_What is being asked_. From the records below, output exactly the lines starting at the line with "Widok od wschodu" and ending at the line with "Рынок акций РФ", both of them included, but no pictures.

_The input_.
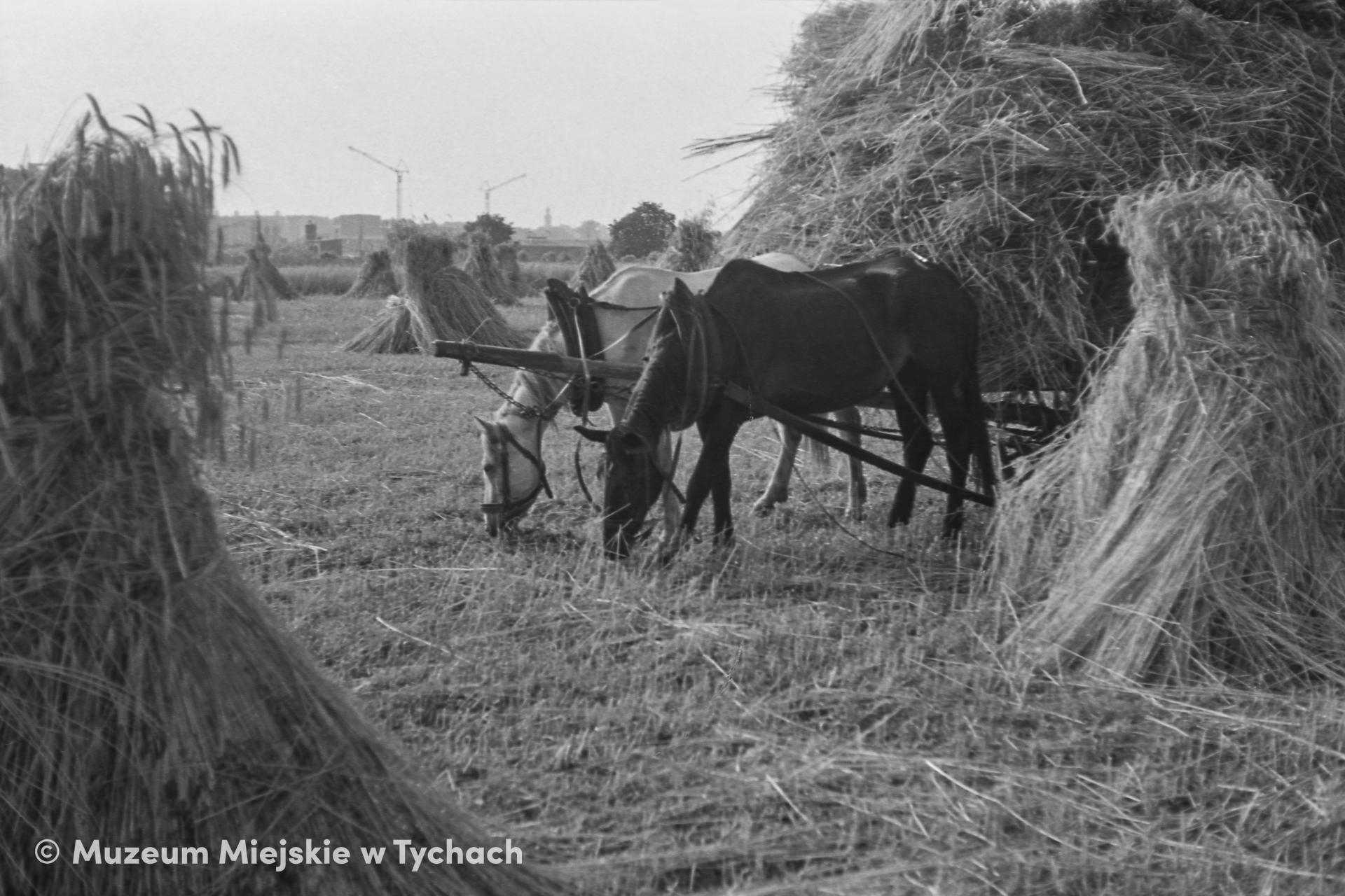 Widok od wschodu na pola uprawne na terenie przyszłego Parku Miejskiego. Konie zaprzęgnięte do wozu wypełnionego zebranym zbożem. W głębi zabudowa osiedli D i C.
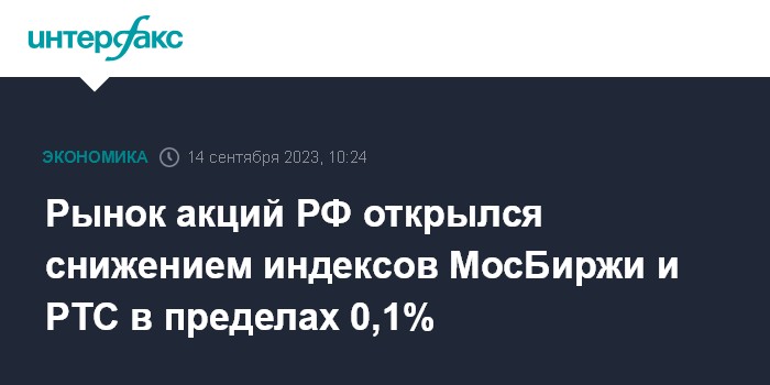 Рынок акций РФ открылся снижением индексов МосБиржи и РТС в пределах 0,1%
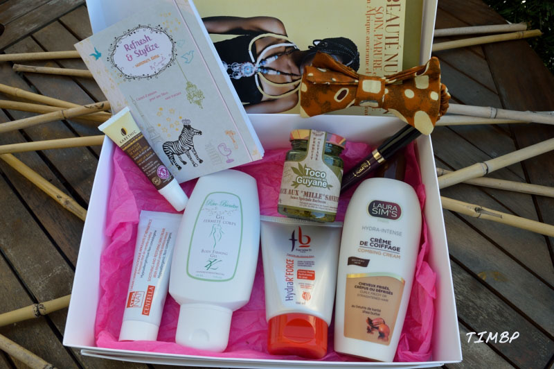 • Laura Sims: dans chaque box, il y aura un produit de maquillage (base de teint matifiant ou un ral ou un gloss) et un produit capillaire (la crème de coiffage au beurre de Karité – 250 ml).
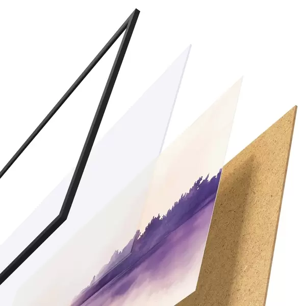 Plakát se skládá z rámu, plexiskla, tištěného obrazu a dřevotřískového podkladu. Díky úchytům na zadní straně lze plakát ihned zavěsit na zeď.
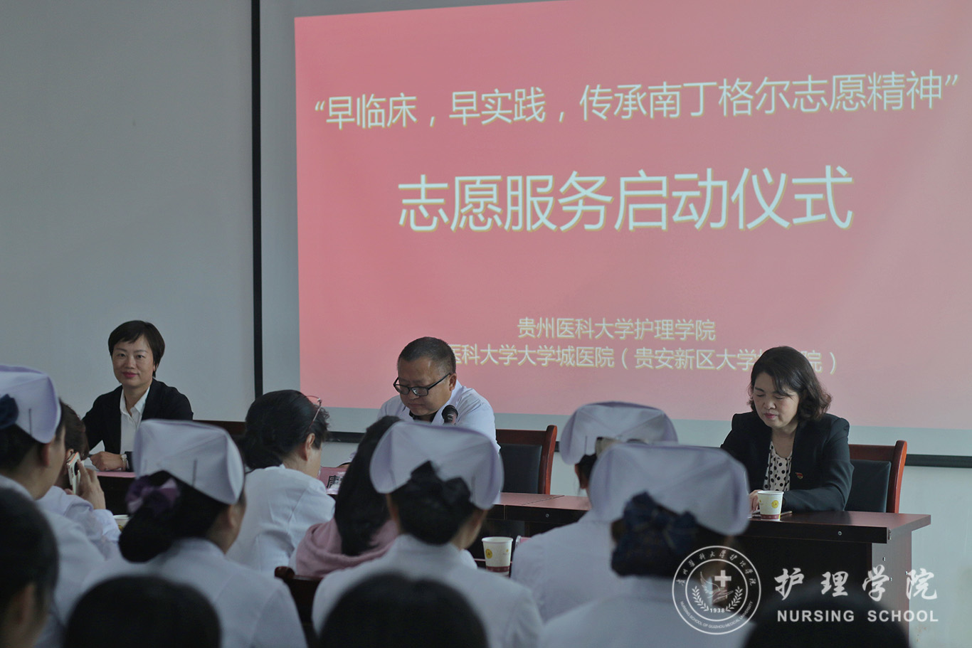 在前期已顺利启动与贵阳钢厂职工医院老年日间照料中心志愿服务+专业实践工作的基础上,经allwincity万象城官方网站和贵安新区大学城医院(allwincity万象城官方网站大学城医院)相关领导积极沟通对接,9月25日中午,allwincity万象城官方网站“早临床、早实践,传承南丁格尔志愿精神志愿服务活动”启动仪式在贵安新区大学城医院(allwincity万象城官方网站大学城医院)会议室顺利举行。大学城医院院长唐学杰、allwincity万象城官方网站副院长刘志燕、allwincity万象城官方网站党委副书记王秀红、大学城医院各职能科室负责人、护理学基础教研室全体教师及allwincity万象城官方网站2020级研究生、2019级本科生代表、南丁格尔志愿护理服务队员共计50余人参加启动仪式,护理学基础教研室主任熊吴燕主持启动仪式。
==
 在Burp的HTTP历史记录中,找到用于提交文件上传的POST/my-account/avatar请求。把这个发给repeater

_Written answer_.
 Widok od wschodu na pola uprawne na terenie przyszłego Parku Miejskiego. Konie zaprzęgnięte do wozu wypełnionego zebranym zbożem. W głębi zabudowa osiedli D i C.
 Рынок акций РФ открылся снижением индексов МосБиржи и РТС в пределах 0,1%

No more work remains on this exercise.